Aaron是一名保鏢,聽他講講他的工作內(nèi)容吧。
Todd: So Aaron, in Canada you're a bouncer.
Aaron: Yeah, that's right. I'm a bouncer.
Todd: A lot of people might not know, what is a bouncer? What is a bouncer's job?
Aaron: A bouncer! The bouncer is actually a name that, I guess it's called a colloquialism. Bouncer is not our actual job description. We're security. But a bouncer comes from the fact that we bounce people out of the bar. So we check around and make sure that the liquor laws are being enforced in the bar and that if people are being rough or rowdy or too drunk, we ask them to leave, and if they don't leave voluntarily, then we physically remove them.
Todd: So as a bouncer are you always getting in fights with the clientele?
Aaron: People always ask me, "Well, how many fights have you been in?" and I guess it depends on your description of a fight because I've been in over 500 fights but I've only been hit maybe four or five times because I'm breaking up a fight and then that person is angry at someone else but they're also fighting me to stay in the bar or towards someone, so I've been involved in 500 altercations, I guess you call them.
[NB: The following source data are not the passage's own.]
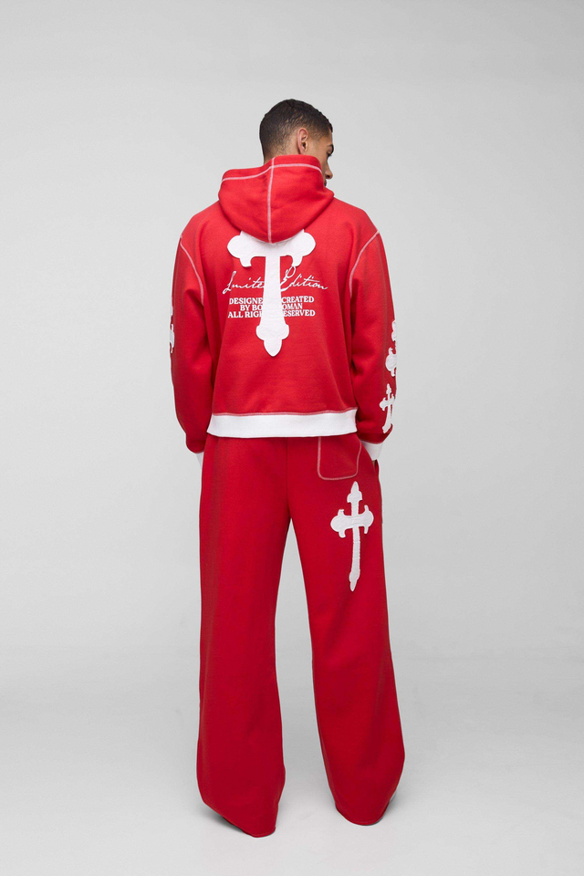 ชุดวอร์มผู้ชายแบบมีฮู้ด รุ่นลิมิเต็ดอิดิชั่น ตกแต่งลายกากบาท ทรงบ็อกซี่ สำหรับฤดูหนาว สไตล์ลำลอง สีพื้น คุณภาพสูง ขายส่ง
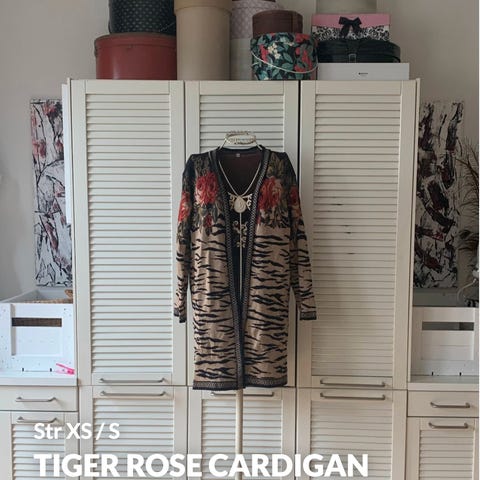 Unik Lind cardigan med tigermotiv på ryggen og lynlåslukning.
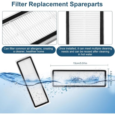 Forbedret rengøringsydelse: Udskiftningshovedbørsten har børster af høj kvalitet og et robust design til effektivt at løfte snavs, støv og affald fra forskellige gulvtyper. Filtrene fanger fine partikler, allergener og kæledyrsskæl, hvilket forbedrer luftkvaliteten i dit hjem. Moppepuderne er lavet af absorberende mikrofibermateriale, perfekt til at fjerne genstridige pletter og spild. Ved at bruge disse udskiftningsdele sikrer du, at din Dreame D10 Plus Gen 2 robotstøvsuger fortsætter med at levere enestående rengøringsresultater, hvilket efterlader dine gulve skinnende og din luft frisk. Dette sæt er essentielt for at opretholde den høje ydeevne af din Dreame D10 Plus Gen 2.

Todd: So, it you've been in that many fights, or whatever, when it happens do you get your adrenaline going? Do you get really nervous or is it just like, "Ah, normal."
Aaron: Well, it's kind of funny because I play football in university and it's kind of like being in a football game. You know, there are periods of rest, you know where you're sitting there and you're not doing anything and you're just being pretty basically and there's about five or six seconds where it's just crazy. What happens in that five or six seconds can be really important, so I was a head bouncer for quite a while, and I had to hire and fire quite few guys and a lot of it based on those five or six seconds, you know, how a guy reacts.
Todd: So what's a good reaction?
Aaron: Well, a good reaction is usually if you're trying to talk someone out whose drunk, is you're talking first, and I always refer to it as a switch, there comes a point when you need to be physical and there's shouldn't be a gradual move up as a bouncer. You're talking to someone, you're talking to someone, and then there's an incident, a moment where you realize it's not going to be talked out, and you need to flip your switch and get physical right away, no questions asked and by physical, you know, my background is in wrestling and judo for that sort of thing so I'm not a puncher or kicker or striker so for me that's subdueing someone and draging them out. Yeah, I don't want to go too indepth here there are guys that have different roles on my crew as well. There was a guy who was a really chirpy guy who liked to yak a lot and there was a guy who was big and thick headed and intimidating and guys like me who don't really look that intimidating but are solid, and there's usually one guy, you don't really want more than one on my crew, who was the loose cannon who would, someone's yipping at him, would punch him in the face.
Todd: And you don't want that? You don't want a loose cannon?
Aaron: I don't want -- well, that's the problem. Sometimes I do because you get those incidents where there's a guy who won't go out any other way except for a fight and you need your loose cannon to shut him up and the rest of his crew, and usually it just takes one shot from the loose cannon and then within five or six seconds everything is taken care of. The other guys are there. People are taken out. YOu never want a loose cannon on his own. YOu want him in a pair with someone.